Share your dilemmas and get honest opinions from other Mumsnetters.

To ask DH to move out of our room?!

46 replies

Msqueen33 · 12/12/2016 19:57

Just that. We have kids aged between 8-4. The younger two have autism. Up until recently our middle DC would wake up. Since we've taken the dummy off the youngest she is now a horrific sleeper. It takes over an hour to get her to sleep (I have to sit on her bed as husband isn't home) then tend to the older two. Youngest then wakes between 12/2am and comes into our room and either sleeps (but we get shoved out the bed) or is up and hyper all night. I've suggested having her sleep in our bed and dh or I have her single bed just so her sleep is consistent. She's non verbal and has limited understanding. I'm running on limited patience as I'm a very light sleeper and she wakes me or she's up completely hyper all night.

My mum seems to be expecting us to dtd a lot but I need sleep. Youngest is really hard work and I'm falling into a doze at 6pm on the sofa.

Is this crazy?

OP posts:
Sweets101 · 12/12/2016 19:59

Your mum??! What's it got to do with her?!

Personally i'd give your daughter back her dummy.

Lunaballoon · 12/12/2016 20:00

Your mum expects you to dtd? Eh? What's it got to do with her?

Prawnofthepatriarchy · 12/12/2016 20:02

Why have you taken the dummy away? Sounds unwise.

DecaffCoffeeAndRollupsPlease · 12/12/2016 20:03

Would giving the dummy back to the youngest not take some of the pressure off?

gamerchick · 12/12/2016 20:05

Give the dummy back. Life's hard enough!

HaveNoSocks · 12/12/2016 20:05

I would do whatever it takes to get more sleep personally. And maybe your mum should offer to do something helpful or keep her nose out!

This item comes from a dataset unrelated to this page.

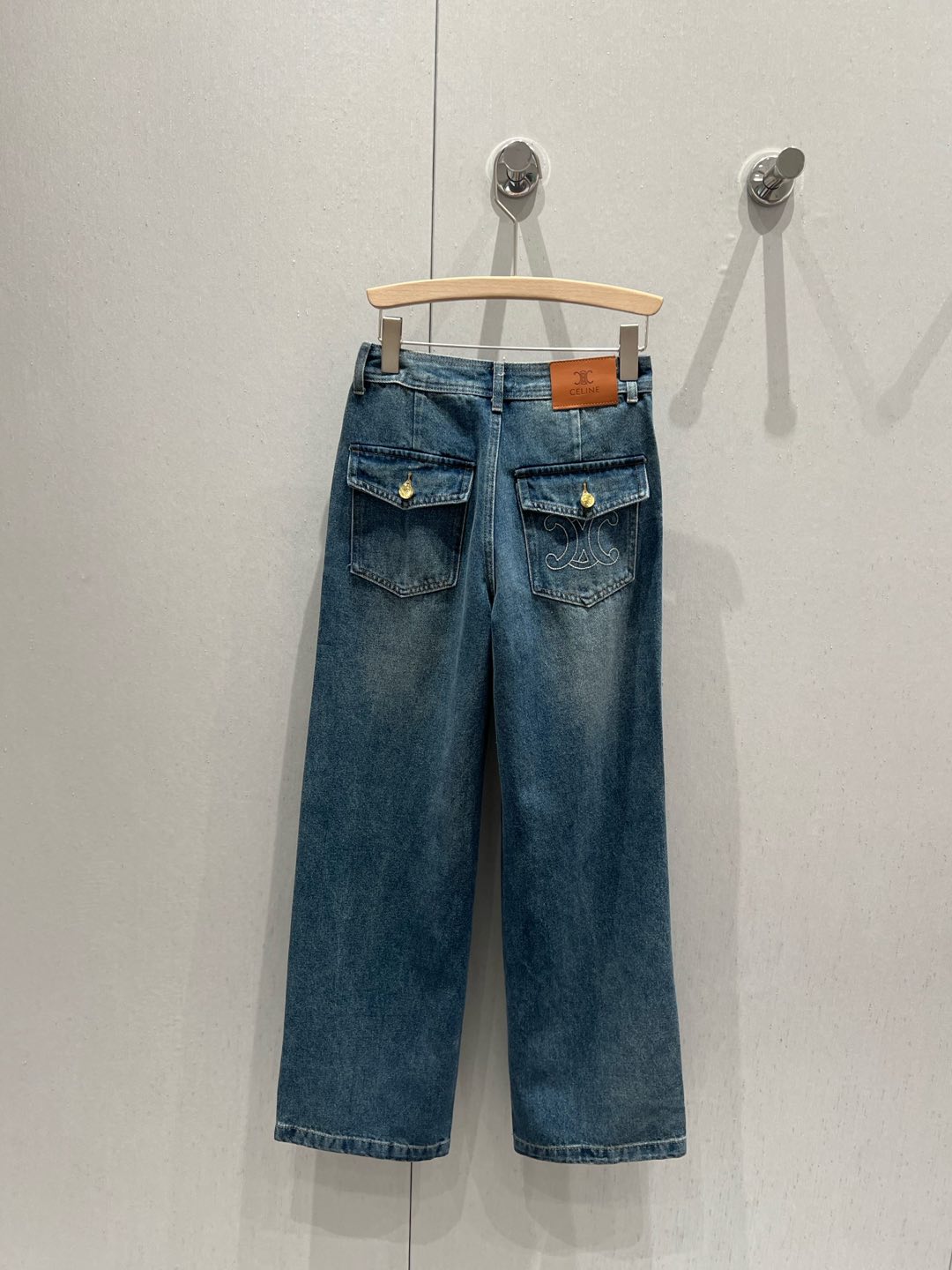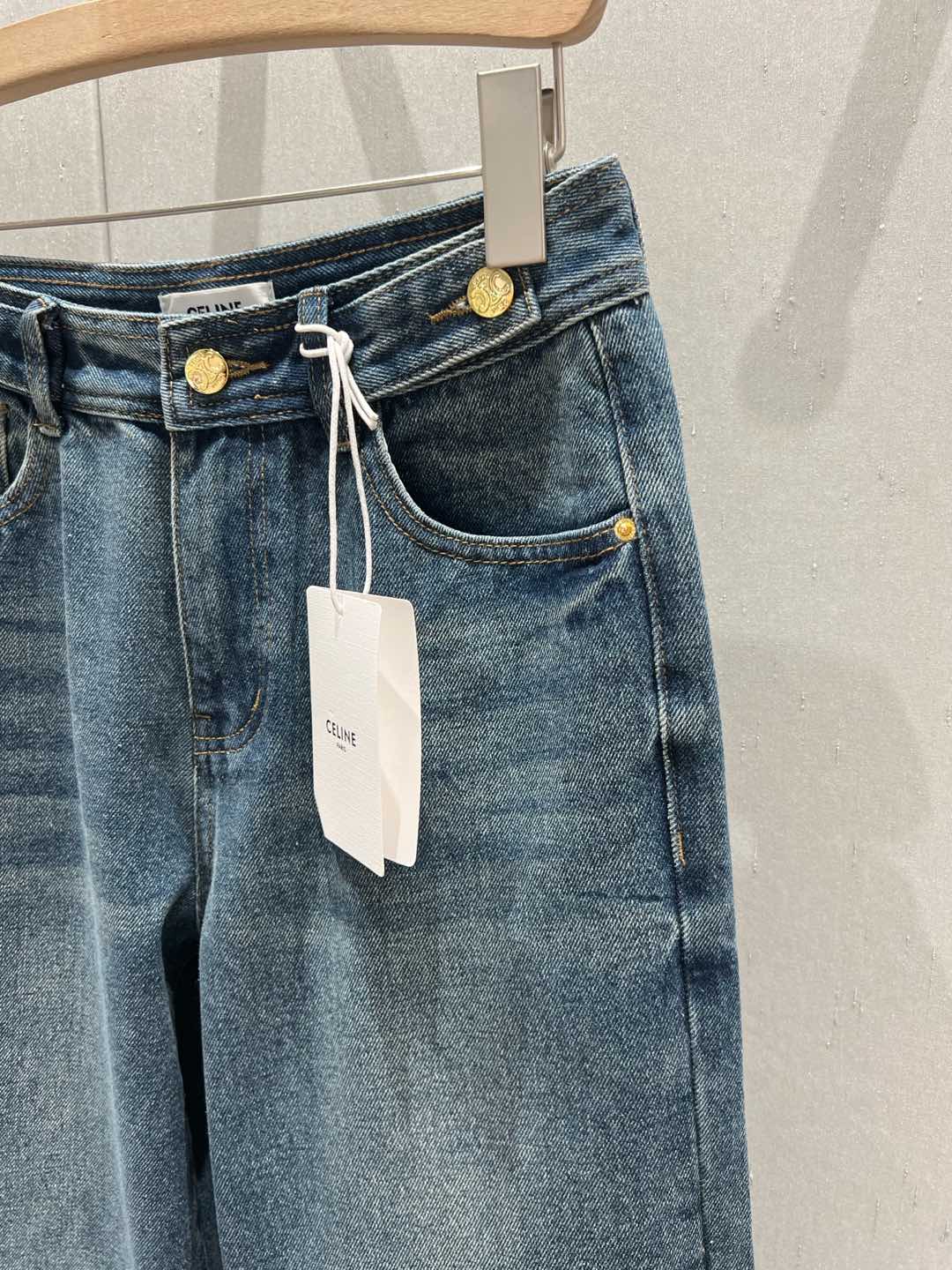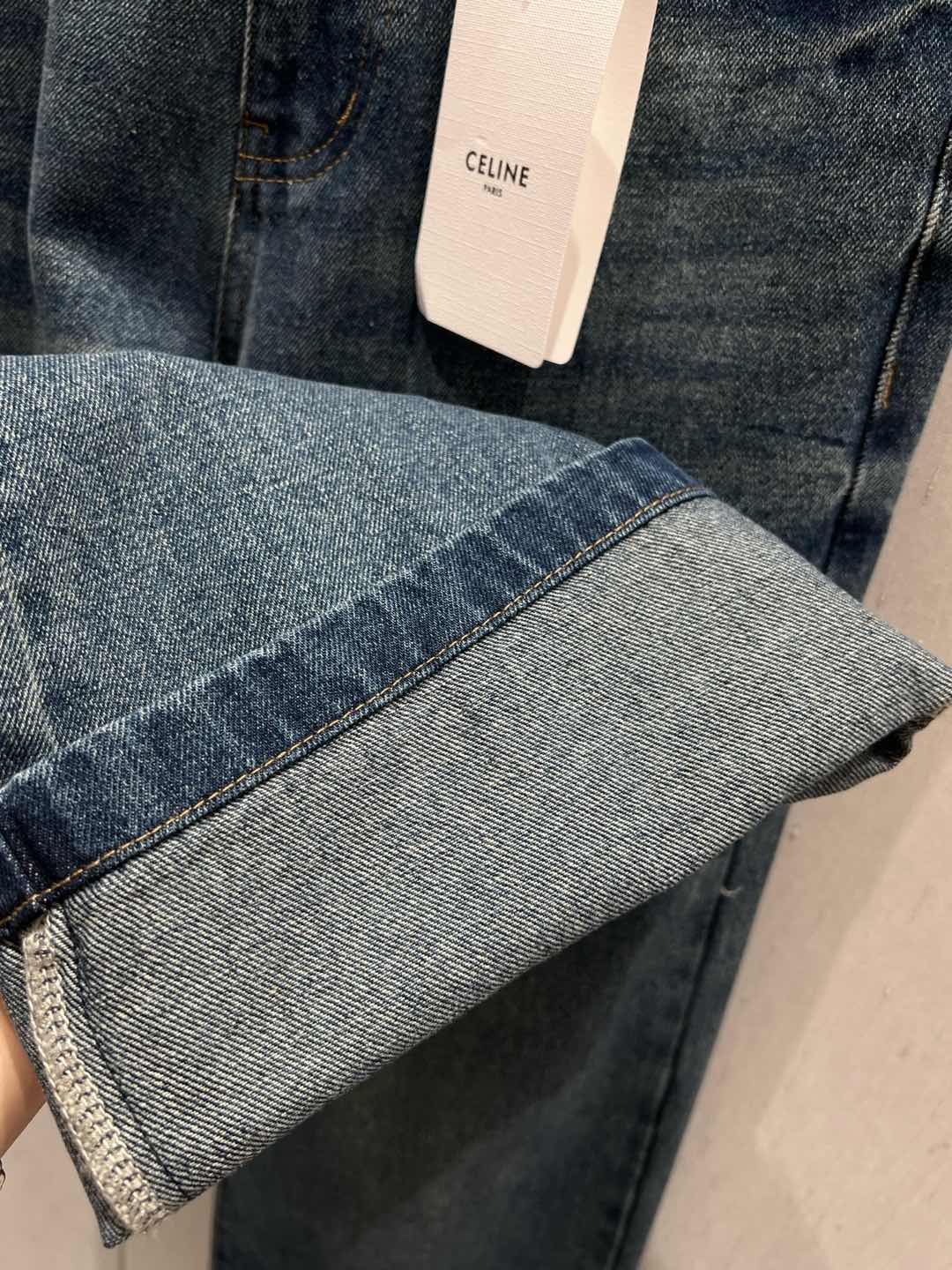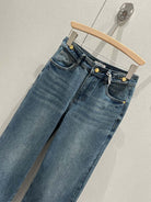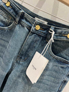 Celine 25 Pattern Embroidered Straight Jeans Blue Cotton

Princecharlesfirstwife · 12/12/2016 20:08

My mother has never expressed any interest in DH and my nocturnal activities.

Do whatever it takes to get a decent bit of sleep.

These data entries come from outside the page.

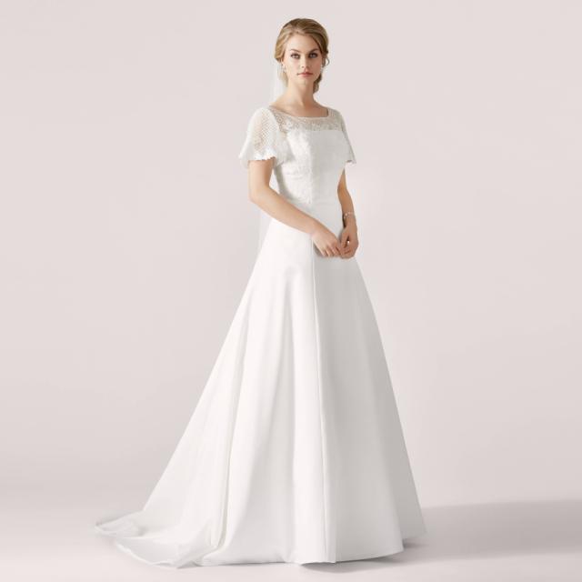 Satin A-line weddingdress with a floral lace embellished bodice. Backlace and a small train
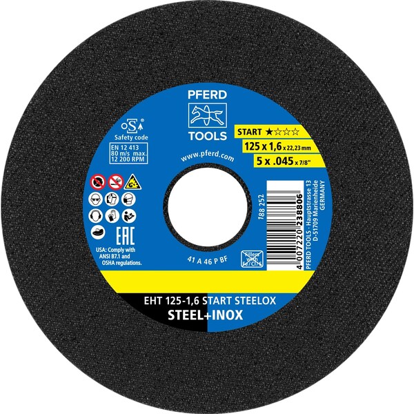 The START range from PFERD TOOLS offers reliable quality for trade and assembly work at an attractive price point. This compact line includes all the essential tools for working with steel and stainless steel INOX, delivering consistent performance and dependable results. Designed for cutting steel and stainless materials, the cut-off wheel offers good cutting performance and a long service life. PFERDs extensive range of thin cut-off wheels is available in various designs to provide the right tool solution for nearly any application-engineered for efficiency, ergonomics, and maximum user safety. These wheels are defined by their advanced bond formulation, developed through intensive research and produced in state-of-the-art facilities. The result is a high-quality, high-safety product that meets the demands of professionals worldwide.
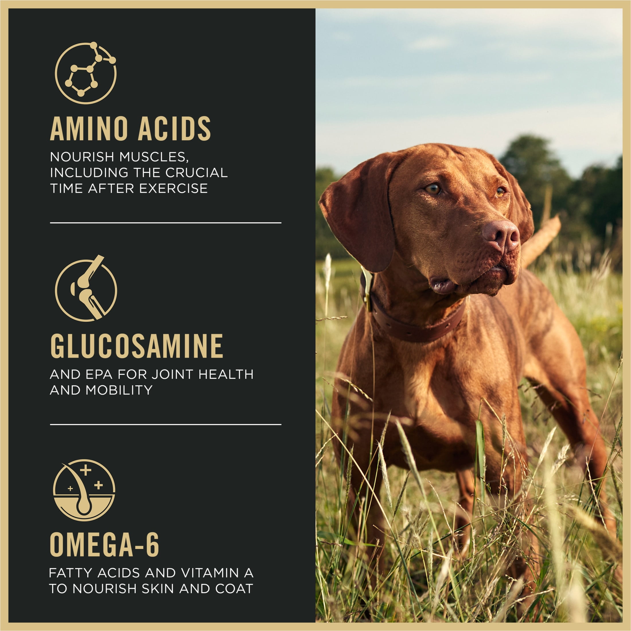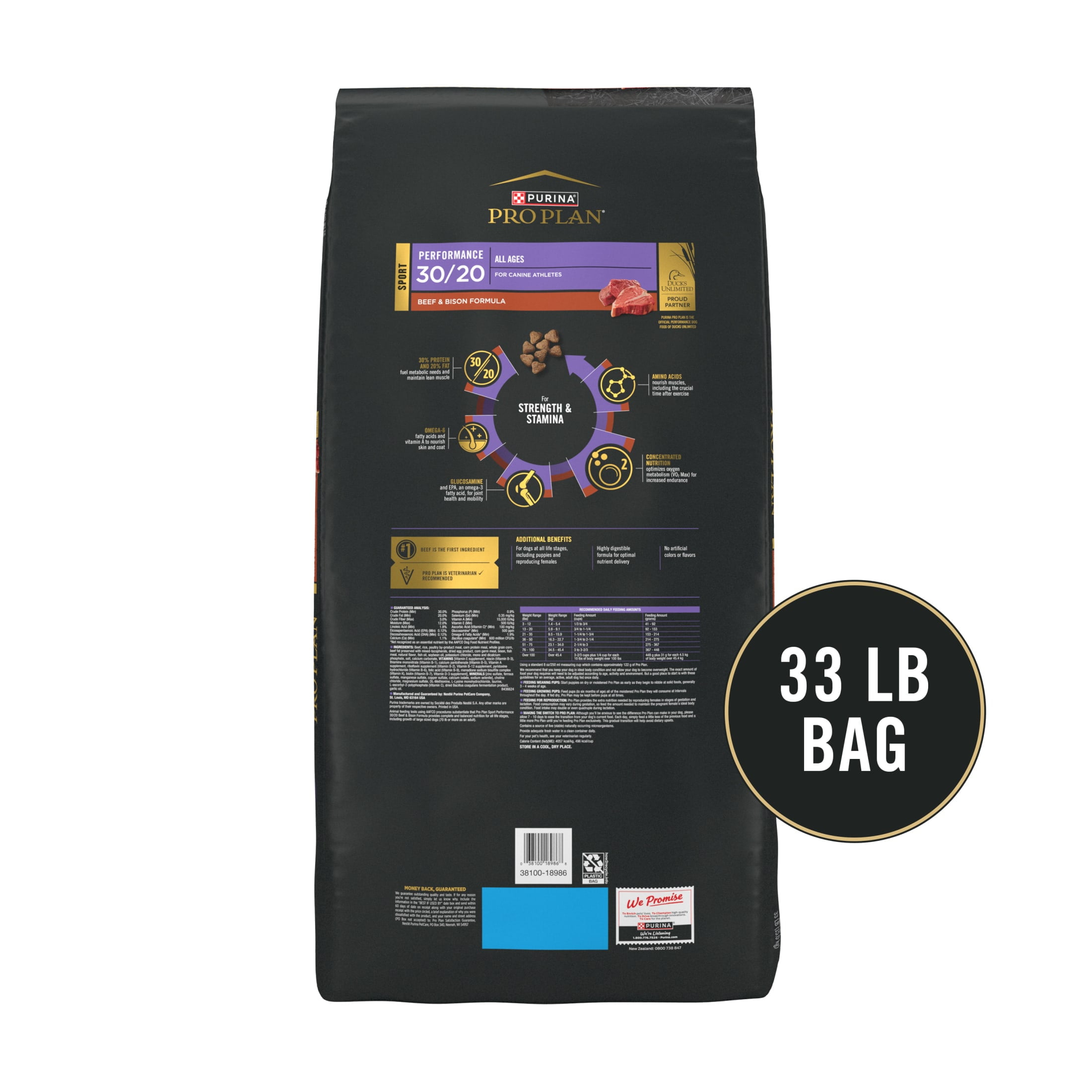 Support your dog’s active lifestyle with Purina Pro Plan Dog Food Sport Performance 30/20 Beef and Bison Formula Dry Dog Food. Specially designed for sporting dogs, this high protein dog food delivers the nutrition needed to fuel strength and endurance. It features real beef as the first ingredient to help maintain lean muscle, while a 30 percent protein and 20 percent fat ratio provides sustained energy for running, training, and high-performance activities. This dry dog food is fortified with dog probiotics to promote digestive and immune health, helping your dog absorb nutrients efficiently. Plus, it contains dog glucosamine to support joint health and mobility, which is essential for active and large breed dog food formulas. Designed to be highly digestible, this Purina Pro Plan Dog Food ensures optimal nutrient absorption, so your dog gets the most from every meal. With every serving, your dog receives 100 percent complete and balanced nutrition, crafted to support endurance, recovery, and overall well-being. Whether you have a small dog food preference or need a formula suited for larger breeds, Pro Plan Dog Food is made to meet the needs of active dogs. Choose Purina Pro Plan Dog Food Sport Performance 30/20 Beef and Bison Formula Dry Dog Food to give your dog the strength, energy, and nutrition they need to thrive.

rollonthesummer · 12/12/2016 20:09

Why is your mother expecting you to have sex-what on earth has it got to do with her?

What has that got to do with the title of your post as well??

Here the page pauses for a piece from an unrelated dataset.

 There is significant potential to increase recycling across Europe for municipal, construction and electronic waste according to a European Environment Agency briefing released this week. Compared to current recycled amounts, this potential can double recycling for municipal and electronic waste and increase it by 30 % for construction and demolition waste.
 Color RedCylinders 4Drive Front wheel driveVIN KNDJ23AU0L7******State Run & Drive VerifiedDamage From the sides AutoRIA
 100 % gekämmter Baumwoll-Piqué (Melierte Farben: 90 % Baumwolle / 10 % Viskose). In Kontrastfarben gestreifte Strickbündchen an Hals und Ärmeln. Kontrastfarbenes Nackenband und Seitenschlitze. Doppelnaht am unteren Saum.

StarryIllusion · 12/12/2016 20:09

Oh just let her have the bloody dummy at night. She is only 4, she'll grow out of it eventually.

WhataHexIgotinto · 12/12/2016 20:12

Your mum? Am I missing something, what has this got to do with your mum?

Batteriesallgone · 12/12/2016 20:12

Don't see why your mums opinion matters.

Everyone should sleep wherever maximises the sleep for everyone. If that's DH in a different room and you and DD in the 'master' bed, go for it.

They'll grow, things will change. Just do what you can to get rest!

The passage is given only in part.